The session became rowdy when Senator Aishatu Dahiru Ahmed (Binani) observed that the allocation of N200 billion Constituency Projects in the budget was lopsided and unfair to most senators.

She exposed how some senators took undue advantage of being in privileged committees, especially appropriation, to allocate billions of naira projects to their districts.

She cited the case of a Senator who allocated projects worth between N10 billion and N12 billion himself while some senators got between N300 million to N500 million projects for their districts.

Another Senator, according to her, got N5billion projects for his district.

A Peoples Democratic Party (PDP) Senator said: “Although Sen. Ahmed praised the leadership focus of the President of the Senate, her revelations  were stunning. She got a standing ovation for her delivery. We rejected such inequality.

“For about five minutes, the situation was rowdy at the Executive Session.

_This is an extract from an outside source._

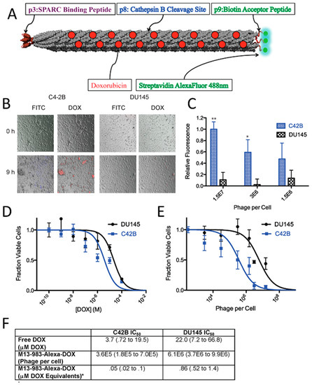 (A) Schematic of M13-983 Phage. The red dots along the phage coat represent doxorubicin (DOX) attached to p8. p3 displays a peptide with affinity for SPARC (Secreted Protein, Acidic and Rich in Cysteine), and p9 can be enzymatically biotinylated and loaded with streptavidin-functionalized fluorophores AlexaFluor 488 nm. (B) Overlay of brightfield and fluorescent images of SPARC positive C42B cells (first and second column) and less expressing SPARC DU145 cells (third and fourth column) incubated with M13-983-Alexa-DOX at 0 h (top row) and 9 h post-treatment (bottom row). FITC channel represents fluorescence from Alexa Fluor 488, and DOX is designated by red fluorescence from DOX uptake. C42B samples showed increased fluorescence of phage uptake, indicated by green fluorescence (bottom row, first column) and DOX uptake (bottom row, second column) as compared to DU145 cells after 9 h. (C) Targeted uptake measured by quantifying fluorescence intensity (** p < 0.001; * p < 0.01). C42B consistently shows higher fluorescence intensity than DU145, confirming the observations in panel B. Higher phage concentrations report larger differences between C42B and DU145 fluorescence. (D) Cell viability of C42B and DU145 as a function of free DOX. (E) Cell viability of C42B and DU145 cell lines as a function of increasing M13-983-Alexa-DOX. All samples were run in triplicate and error bars represent standard deviations. (F) IC50 values for C42B and DU145 are given with the 95% confidence interval given in parenthesis. *Based on 257 DOX particles per phage (Adapted with permission from [84], Copyright American Chemical Society, 2012).

It was the first time the President of the Senate would see the other side of the Senators.

“The President of the Senate was surprised that such a thing could be happening. To make matters worse, the senator who allocated N12 billion projects to her district is not even a principal officer. Sen. Aishatu said while it is acceptable for principal officers to get more projects than other Senators, why will a colleague be so daring.

“The implication is that projects meant for many Senatorial Districts have been diverted by the said Senator.”

“This development has caused disquiet and we are suspecting the padding of the 2020 Budget by the same clique because some allocations to some Ministries, Departments and Agencies (MDAs) are questionable. In some cases, the budget proposals of some MDAs were increased for no just cause.

“Now, we have demanded for more time to study the 2020 Revised Budget. We do not need to pass it in a hurry.”

It was gathered last night that the President of the Senate had started reaching out to senators to douse the tension.

“Yes, the President of the Senate, Dr. Ahmad Lawan, has taken charge. He is reaching out to senators to douse the tension. He is appealing to us to pass the Revised Budget on time.

“In fairness, Lawan has been involving all members in his administration, but we will no longer accept cheating. Some of his associates are greedy. If they don’t relent, we will show our true colour. We thank God that those affected cut across parties,” another senator added.